### What you need to do
Reproduce only what runs from the line containing "Echelle à crinolines" to the line containing "Meio Super Petiscão" in the records below, inclusive. Keep it exact, and keep the pictures out.

### Recorded data
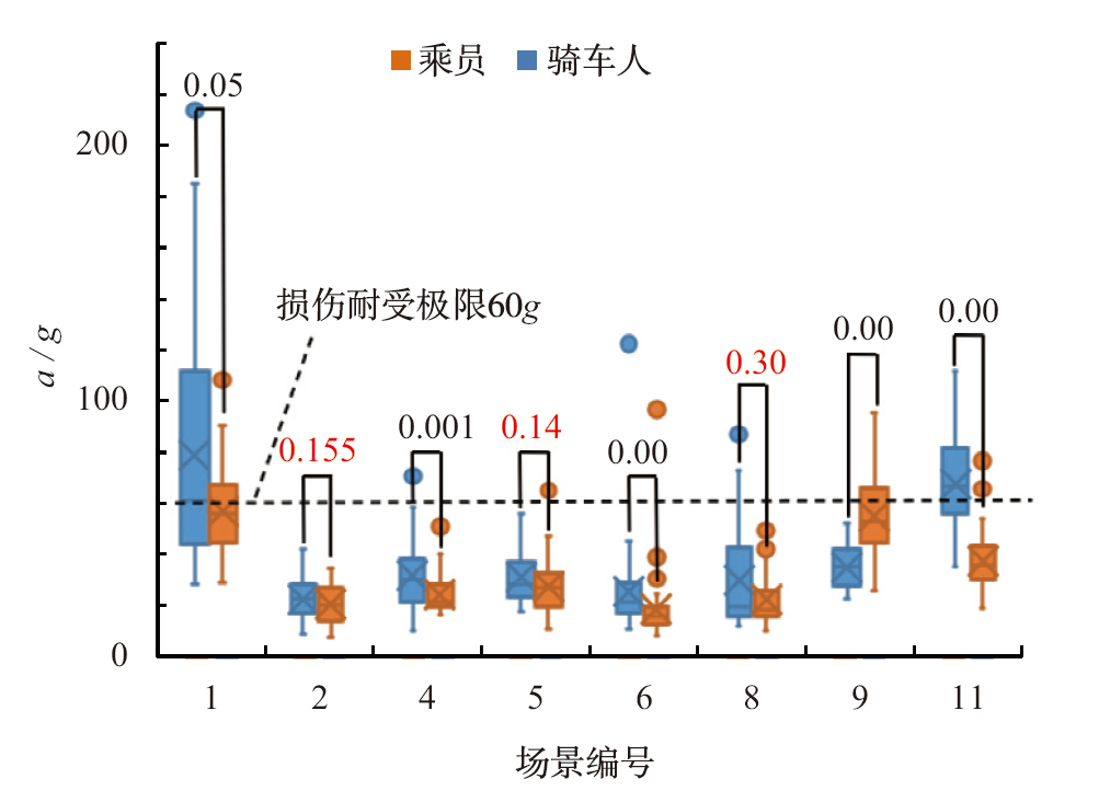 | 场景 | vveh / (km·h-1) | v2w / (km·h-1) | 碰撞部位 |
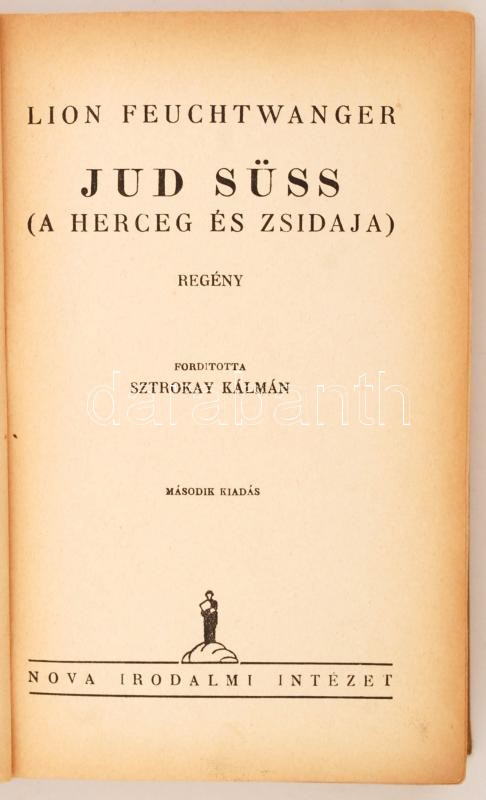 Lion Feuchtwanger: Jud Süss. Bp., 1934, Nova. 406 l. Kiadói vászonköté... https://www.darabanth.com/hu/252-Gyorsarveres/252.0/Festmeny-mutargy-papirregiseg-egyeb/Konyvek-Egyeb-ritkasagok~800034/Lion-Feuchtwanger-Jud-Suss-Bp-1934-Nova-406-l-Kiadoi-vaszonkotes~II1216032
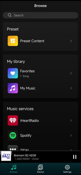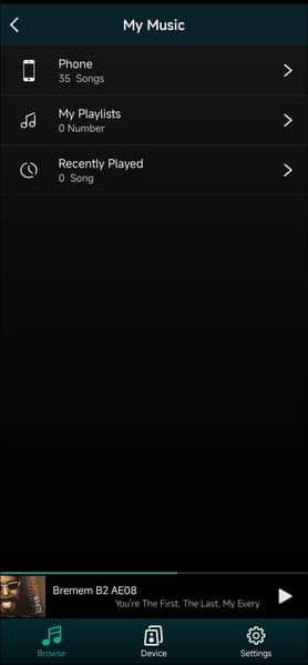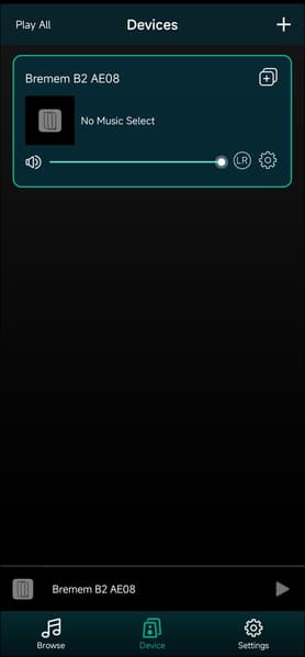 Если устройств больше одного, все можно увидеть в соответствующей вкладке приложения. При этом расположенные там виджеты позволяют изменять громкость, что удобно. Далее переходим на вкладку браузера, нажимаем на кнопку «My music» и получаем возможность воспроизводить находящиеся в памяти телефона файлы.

---

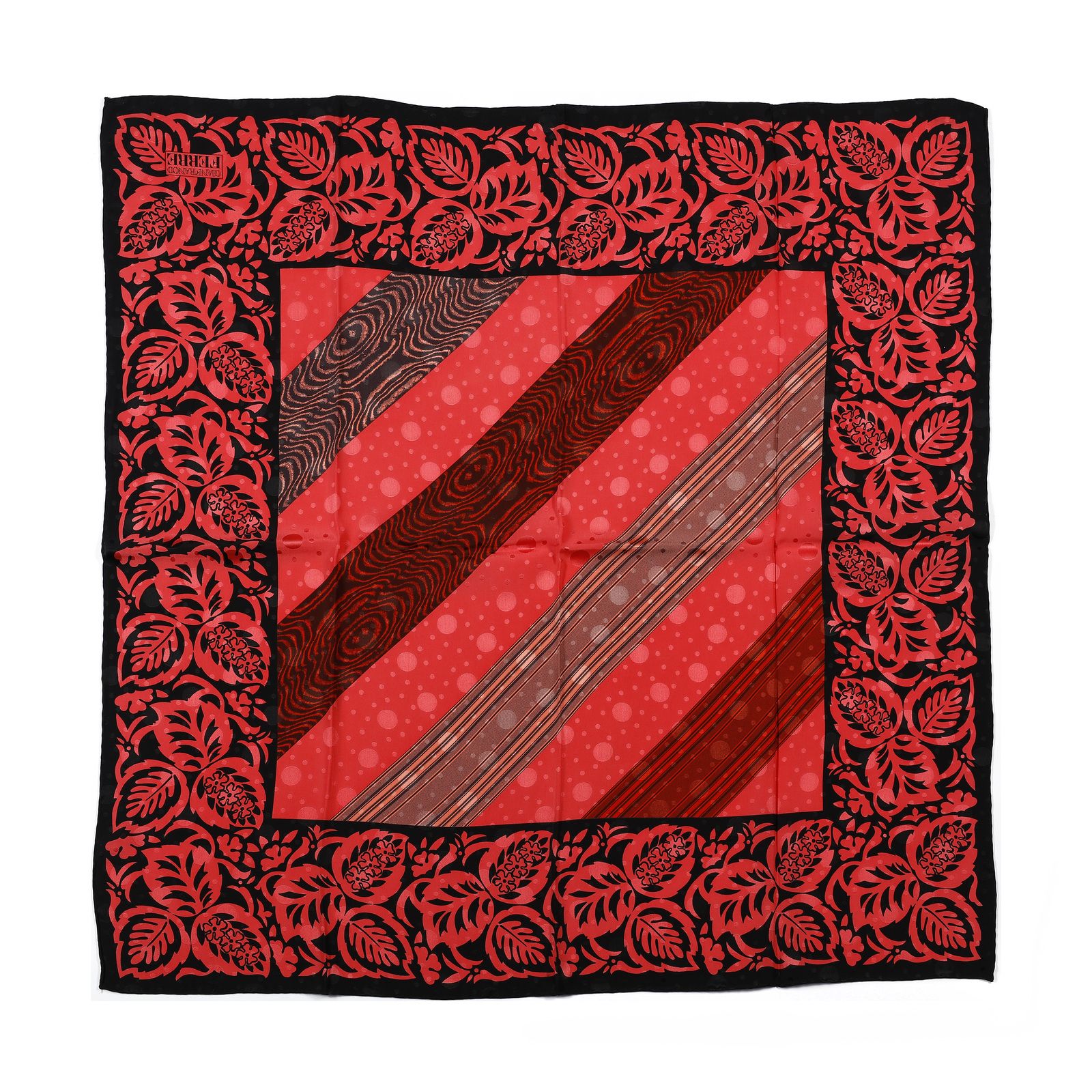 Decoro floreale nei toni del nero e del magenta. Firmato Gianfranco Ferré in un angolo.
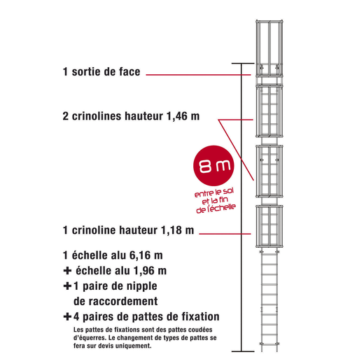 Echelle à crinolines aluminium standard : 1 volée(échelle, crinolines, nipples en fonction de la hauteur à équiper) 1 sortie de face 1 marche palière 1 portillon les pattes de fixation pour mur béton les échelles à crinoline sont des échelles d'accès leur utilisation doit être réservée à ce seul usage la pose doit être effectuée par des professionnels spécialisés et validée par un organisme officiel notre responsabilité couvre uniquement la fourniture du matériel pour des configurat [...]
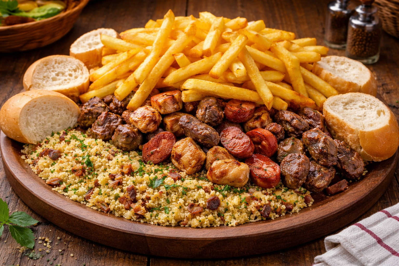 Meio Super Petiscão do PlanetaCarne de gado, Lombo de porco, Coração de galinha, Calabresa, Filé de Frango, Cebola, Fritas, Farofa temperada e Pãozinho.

### Written response
 Echelle à crinolines aluminium standard : 1 volée(échelle, crinolines, nipples en fonction de la hauteur à équiper) 1 sortie de face 1 marche palière 1 portillon les pattes de fixation pour mur béton les échelles à crinoline sont des échelles d'accès leur utilisation doit être réservée à ce seul usage la pose doit être effectuée par des professionnels spécialisés et validée par un organisme officiel notre responsabilité couvre uniquement la fourniture du matériel pour des configurat [...]
 Meio Super Petiscão do PlanetaCarne de gado, Lombo de porco, Coração de galinha, Calabresa, Filé de Frango, Cebola, Fritas, Farofa temperada e Pãozinho.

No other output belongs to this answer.